*RECORD EXTRACTS*.
Content starts

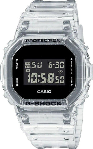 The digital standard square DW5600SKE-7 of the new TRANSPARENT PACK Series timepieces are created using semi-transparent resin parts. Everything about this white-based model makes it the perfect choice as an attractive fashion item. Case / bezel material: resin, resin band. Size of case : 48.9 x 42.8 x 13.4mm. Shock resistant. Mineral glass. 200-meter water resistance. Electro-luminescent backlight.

Content ends
Content starts

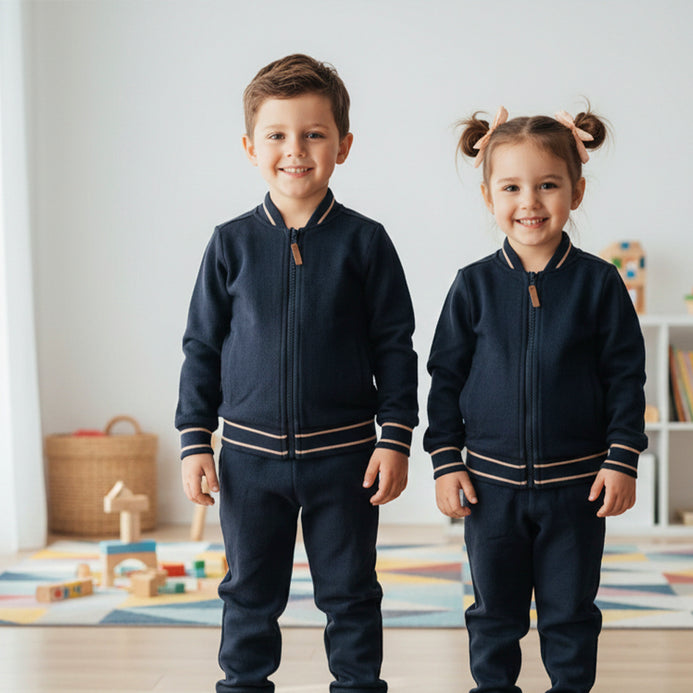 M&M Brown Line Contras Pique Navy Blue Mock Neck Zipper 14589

Content ends
Content starts

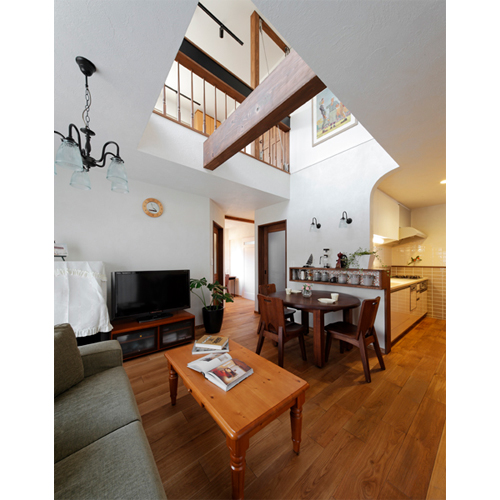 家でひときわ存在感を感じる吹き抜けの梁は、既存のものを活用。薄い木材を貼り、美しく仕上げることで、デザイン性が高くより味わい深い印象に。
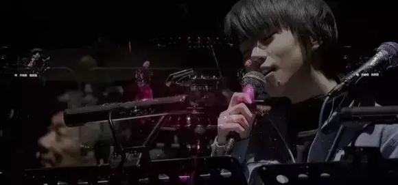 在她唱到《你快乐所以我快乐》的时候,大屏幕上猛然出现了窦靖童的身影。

Content ends

*WORK REQUEST*.
When copying from the data above, begin at the line containing "家でひときわ存在感を感じる吹" and end at the line containing "在她唱到《你快乐所以我快乐》的时候,大屏幕上猛然出现了窦靖童的身影。"; return those lines exactly and leave all pictures behind.

*ANSWER SECTION*.
 家でひときわ存在感を感じる吹き抜けの梁は、既存のものを活用。薄い木材を貼り、美しく仕上げることで、デザイン性が高くより味わい深い印象に。
 在她唱到《你快乐所以我快乐》的时候,大屏幕上猛然出现了窦靖童的身影。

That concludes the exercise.